▶ Task input
* * *

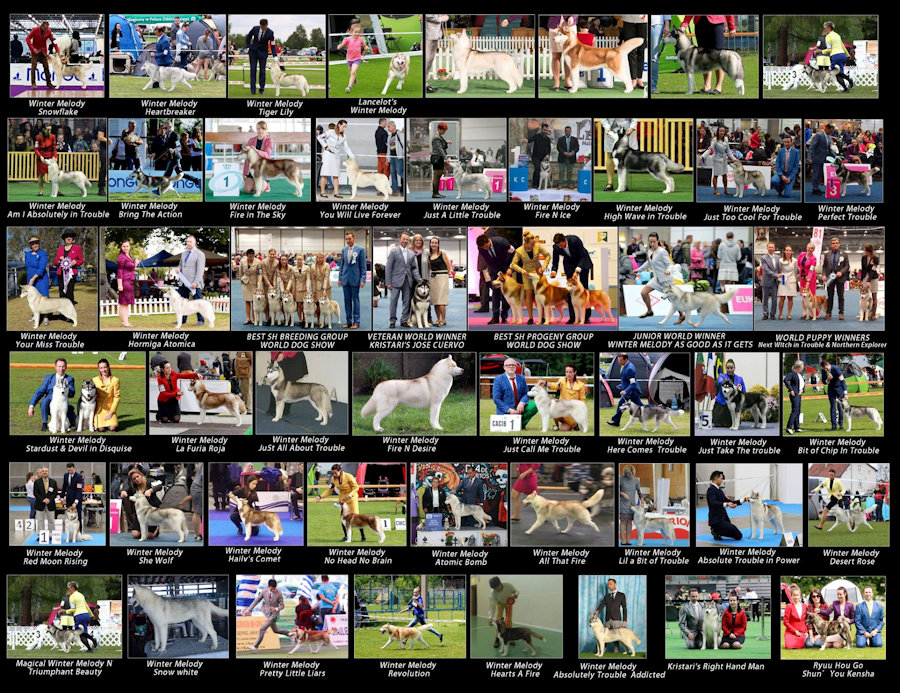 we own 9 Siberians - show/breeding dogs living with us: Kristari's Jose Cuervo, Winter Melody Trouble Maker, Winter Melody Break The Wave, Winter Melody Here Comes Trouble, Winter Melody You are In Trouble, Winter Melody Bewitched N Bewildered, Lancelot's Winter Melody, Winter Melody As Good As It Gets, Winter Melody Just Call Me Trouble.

* * *

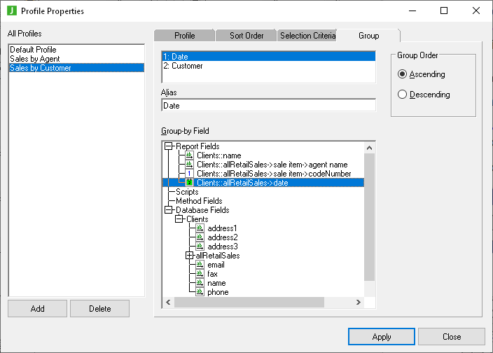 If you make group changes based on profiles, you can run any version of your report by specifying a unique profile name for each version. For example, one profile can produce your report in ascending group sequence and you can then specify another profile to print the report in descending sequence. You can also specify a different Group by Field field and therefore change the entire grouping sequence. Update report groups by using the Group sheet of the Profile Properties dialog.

* * *

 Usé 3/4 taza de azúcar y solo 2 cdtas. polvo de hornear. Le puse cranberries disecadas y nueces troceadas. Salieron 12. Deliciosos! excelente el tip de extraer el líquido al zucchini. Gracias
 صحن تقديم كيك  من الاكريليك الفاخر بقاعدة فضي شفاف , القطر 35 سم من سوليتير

* * *

▶ Assignment
Copy the lines above exactly, beginning at the line that has "Usé 3/4 taza" and stopping after the line that has "صحن تقديم كيك", and omit the rest.

▶ Answer area
 Usé 3/4 taza de azúcar y solo 2 cdtas. polvo de hornear. Le puse cranberries disecadas y nueces troceadas. Salieron 12. Deliciosos! excelente el tip de extraer el líquido al zucchini. Gracias
 صحن تقديم كيك  من الاكريليك الفاخر بقاعدة فضي شفاف , القطر 35 سم من سوليتير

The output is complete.